Titanate-based compounds have been considered as a hopeful family of anode materials for high-performance lithium-ion batteries due to the “zero-strain” characteristics, low cost, excellent safety and high potential plateau, and free generation of metallic Li and solid electrolyte interphase film. Nonetheless, the large-scale applications of titanate-based compounds are limited by the intrinsically low Li-ion diffusion coefficient and poor electronic conductivity. Considerable efforts have been devoted to solving these challenges towards practical applications, and some crucial progresses have been made. In this review, we present a comprehensive overview of the structural features, transport properties, and modification strategies of titanate-based compounds. The research progress of various effective strategies for enhancing Li-ion diffusion coefficient, electronic conductivity and electrochemical performance are emphatically summarized, including ion-doping, surface modifications, particle morphology control, construction of composite electrodes, etc. This review also gives a compendious summary of gassing mechanism of Li₄Ti₅O₁₂-based battery and the solution. Designing delicate architectures of carbon coating is an efficient strategy to obtain high-performance titanate-based materials, which can restrain gassing behavior and achieve the high electronic conductivity simultaneously. At last, an insight into the future research directions and further developments of titanate-based compounds is prospected so as to promote their wide application.
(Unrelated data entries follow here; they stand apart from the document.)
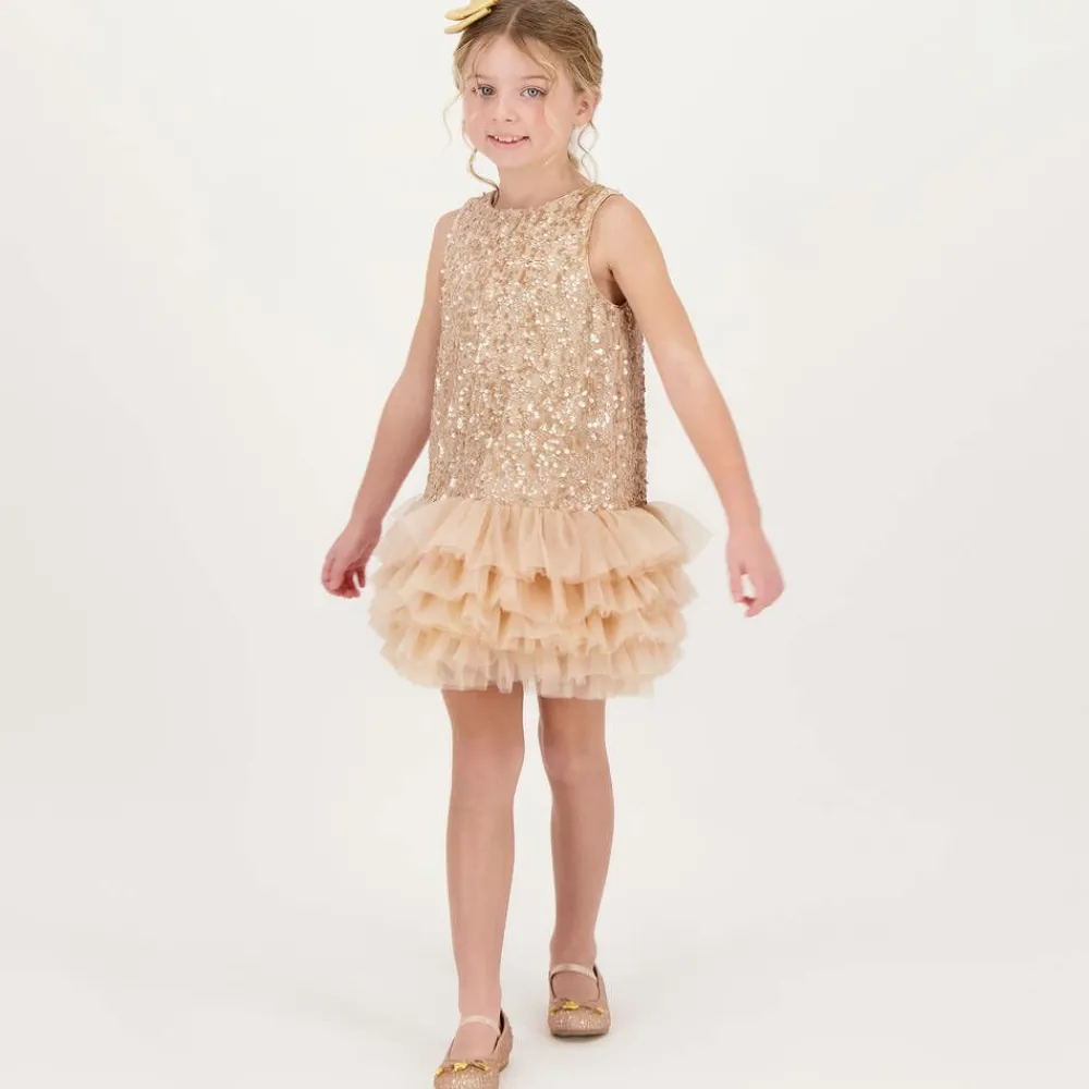 Angels Face Dresses*Girls Pink Sequin & Tulle Dress Caramel
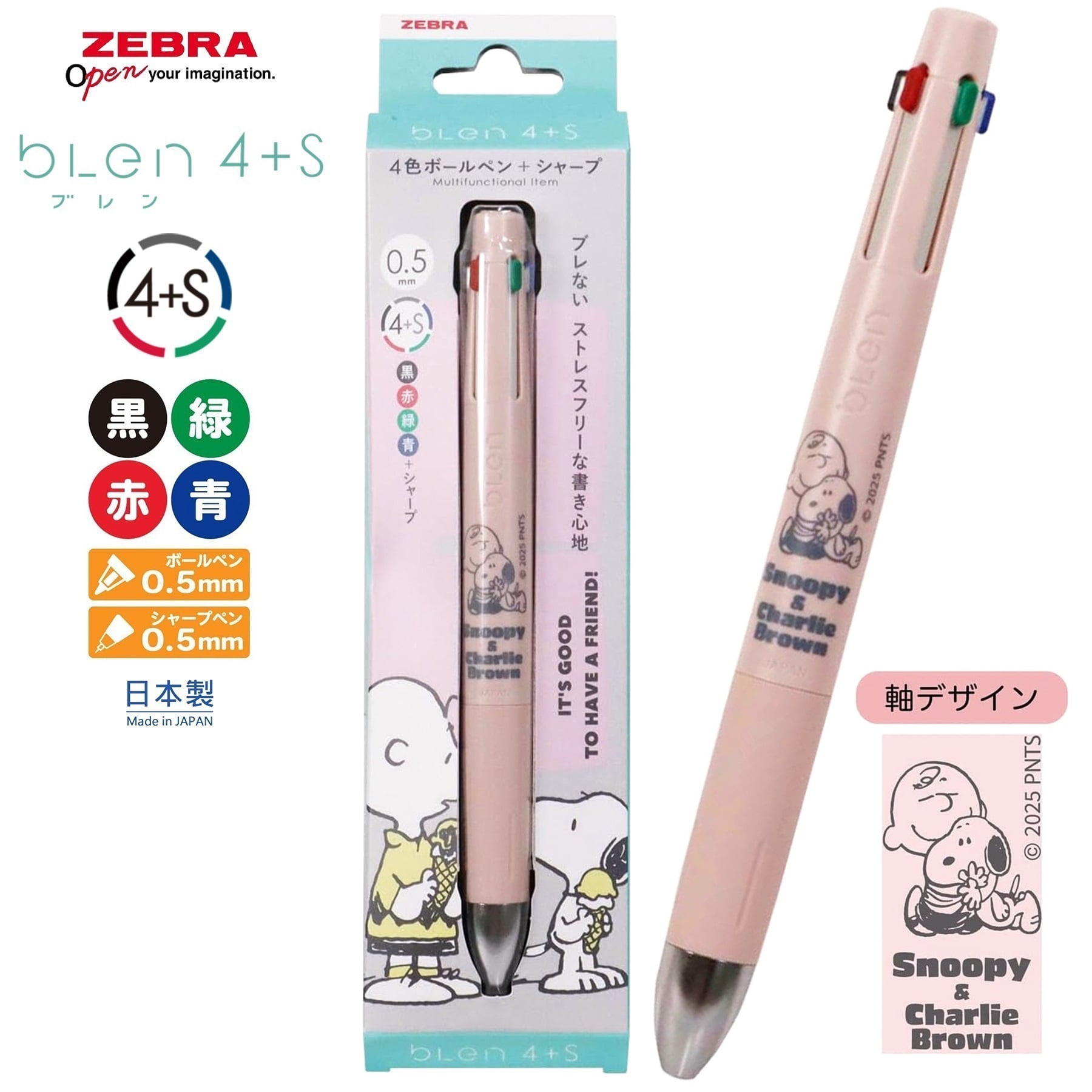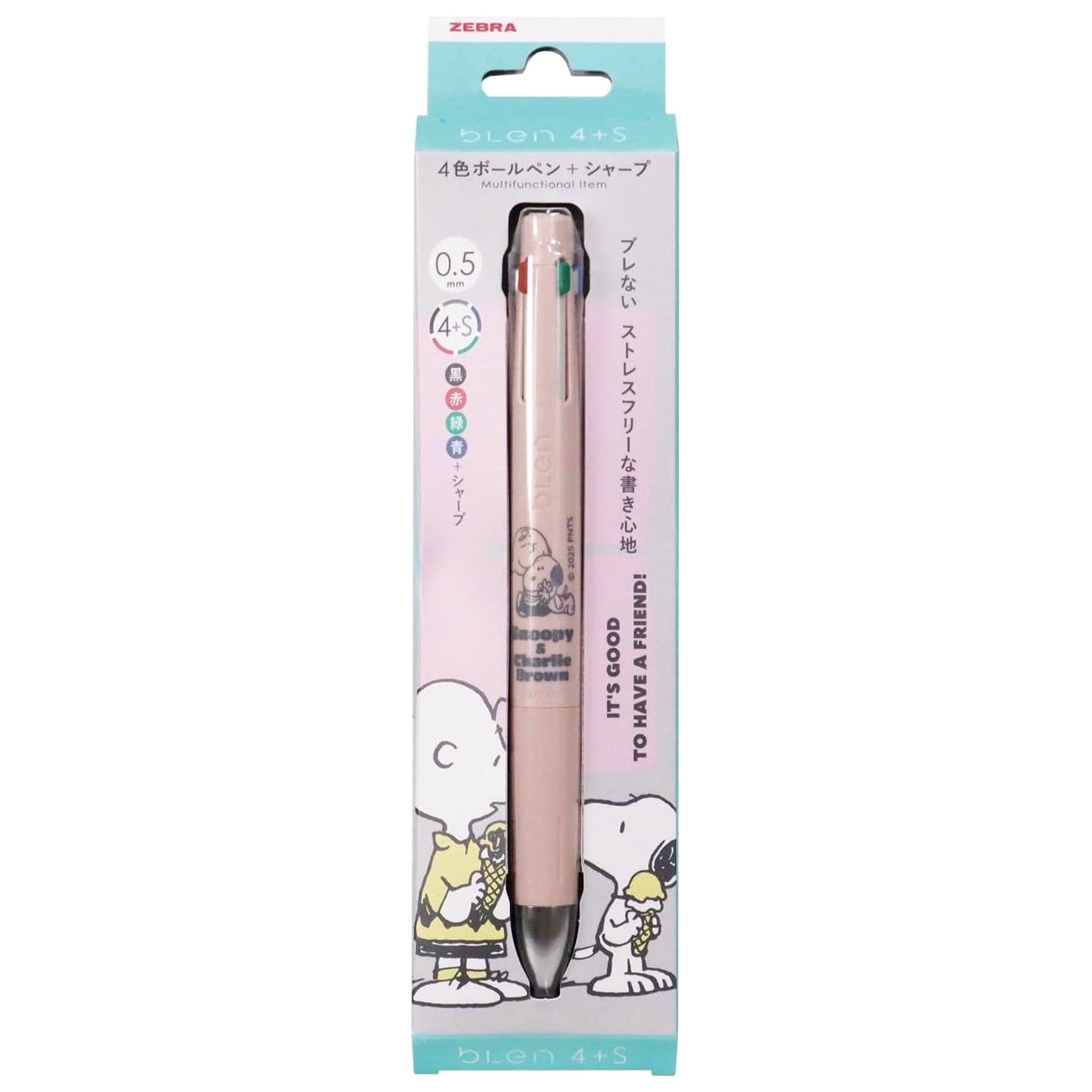 現貨|Snoopy & Charlie Brown 日本製 Zebra bLen 4+S 低震 多功能 5用筆 (4色原子筆 + 鉛芯筆) ES538SP
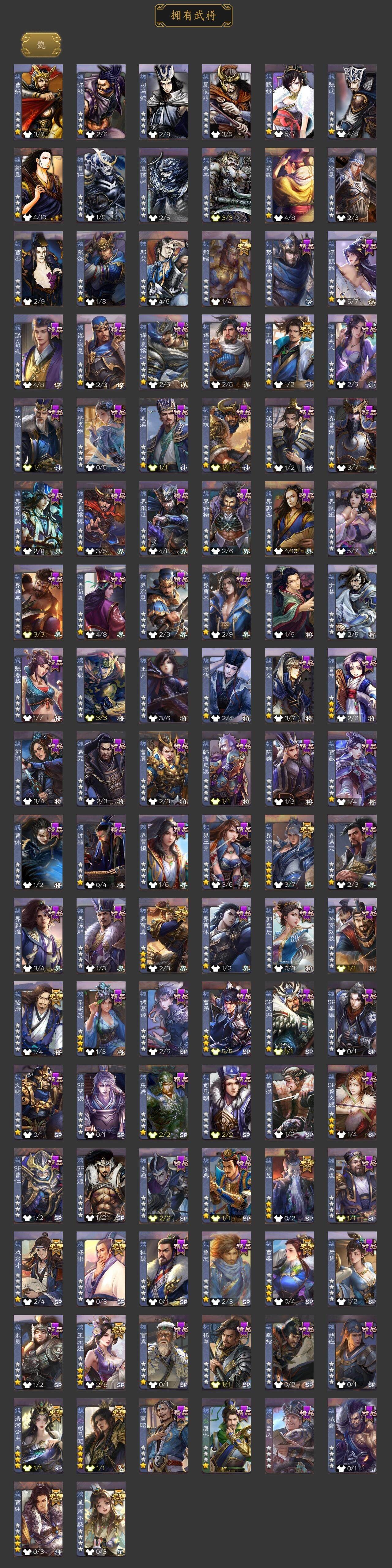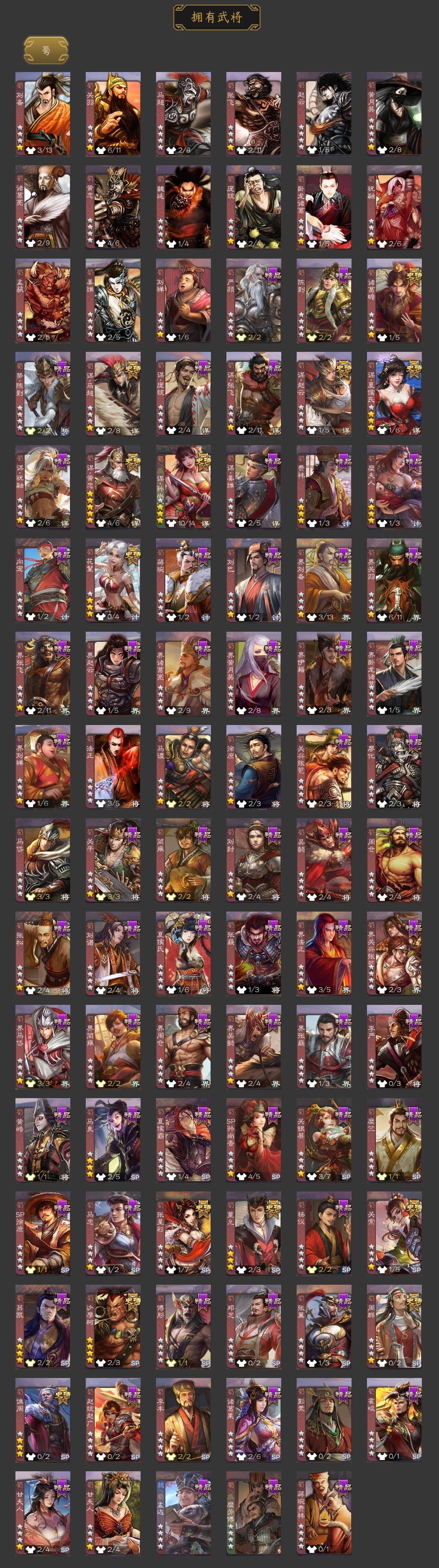 [15180189]【433】官阶:大将军;vip等级:vip10;史诗武将数量:59;动态皮肤数量:51;武将总数:400;史诗宝珠数量:30;将魂数量:9427;神将:9;魏国史诗武将:29;蜀国史诗武将:14;吴国史诗武将:6;群史诗武将:21 神吕布神赵云神司马懿神陆逊神刘备神张辽神郭嘉神吕蒙神周瑜星周不疑王粲杨修王元姬魏-司马昭界钟会界曹真嵇康郝昭曹婴曹纯戏志才清河公主关索谋孙尚香谋黄忠谋夏侯氏谋赵云谋马超诸葛瞻周群张星彩沙摩柯谯周花鬘董允周处吴景骆统留赞界朱然界徐盛谋荀彧谋公孙瓒裴秀星魏延界沮授左慈郑玄张让星黄忠苏飞麹义南华老仙刘焉沮授界左慈界李儒卑弥呼鲍信谋张角张绣星董卓神郭嘉-虎年清明动态神诸葛亮-观星唤雨神曹操-天下归心神吕布-冠绝天下动态神赵云-战龙在野动态神司马懿-鉴往知来动态钟会-潜蛟觊天动态甄姬-明珠耀躯(动态)sp蔡文姬-兔年冬日动态甄姬-牛年清明动态荀彧-驱虎吞狼动态邓艾-神兵天降动态界甄姬-牛年清明动态钟会-谋谟之勋动态界钟会-谋谟之勋动态曹昂-竭战麟伤动态戏志才-举棋若定动态羊徽瑜-牛年中秋动态司马昭-昭威淮南(动态)星徐晃-斧引霹雳动态清河公主-魅影萦心动态刘备-龙御天下动态关索-依心缱绻动态黄忠-明良千古动态sp孙尚香-明良千古动态关银屏-兔年春节动态鲍三娘-虎年七夕动态李丰-太仓聚粟动态胡金定-明良千古动态诸葛果-蛇年限定动态太史慈-涤荡江东动态周处-义除三害动态陆逊-龙年七夕动态孙权-兔年中秋动态孙权-永开吴祚动态孙策-虎踞江东动态孙权-牛年七夕动态孙尚香-兔年春节动态孙尚香-星流霆击动态大乔-猪年七夕动态大乔-鼠年春分动态大乔-绝世之姿动态孙策-猪年七夕动态小乔-猪年大雪动态界大乔-猪年七夕动态界大乔-鼠年春分动态界大乔-绝世之姿动态界孙权-牛年七夕动态界孙尚香-星流霆击动态界小乔-猪年大雪动态步练师-牛年七夕动态刘赞-灵魂歌王动态
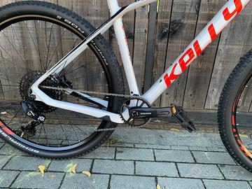 Bici in pronta consegna BICI KELLYS HACKER 30, in taglia M, montaggio come da catalogo: telaio in carbonio, forcella Rockshox RECON 100mm con blocco dal manubrio, trasmissione Sram NX 12 velocità.
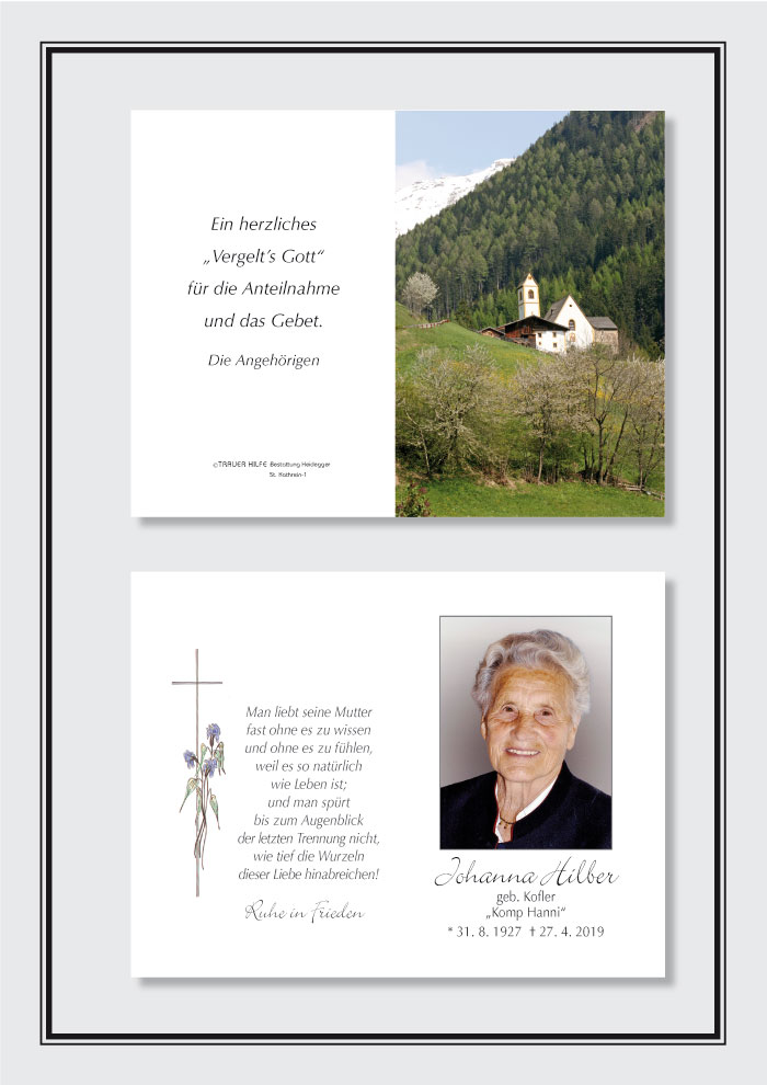 Hanni, in lieber Erinnerung an insere nettn, humorvollen, geist und lehrreichn Ratscher beim Komp und die Ausflüge in dei Heimat

The review will offer significant comprehension for design and optimization of high performance of the titanate-based compounds.

钛酸盐基化合物因其“零应变”特性，低成本，出色的安全性和高电势平稳性以及可自由生成金属锂和固体而被认为是用于高性能锂离子电池的希望的阳极材料系列。电解质中间膜。然而，钛酸酯基化合物的大规模应用受到固有的低锂离子扩散系数和较差的电子电导率的限制。为了解决这些对实际应用的挑战，已经付出了巨大的努力，并且已经取得了一些关键的进展。在这篇综述中，我们对钛酸酯基化合物的结构特征，运输性质和改性策略进行了全面概述。₄ Ti ₅ O ₁₂基电池和解决方案。设计精细的碳涂层结构是获得高性能基于钛酸酯的材料的有效策略，该材料可以抑制放气行为并同时实现高电子电导率。最后，展望了钛酸酯基化合物的未来研究方向和进一步发展，以促进其广泛应用。该综述将为基于钛酸酯的化合物的高性能设计和优化提供重要的理解。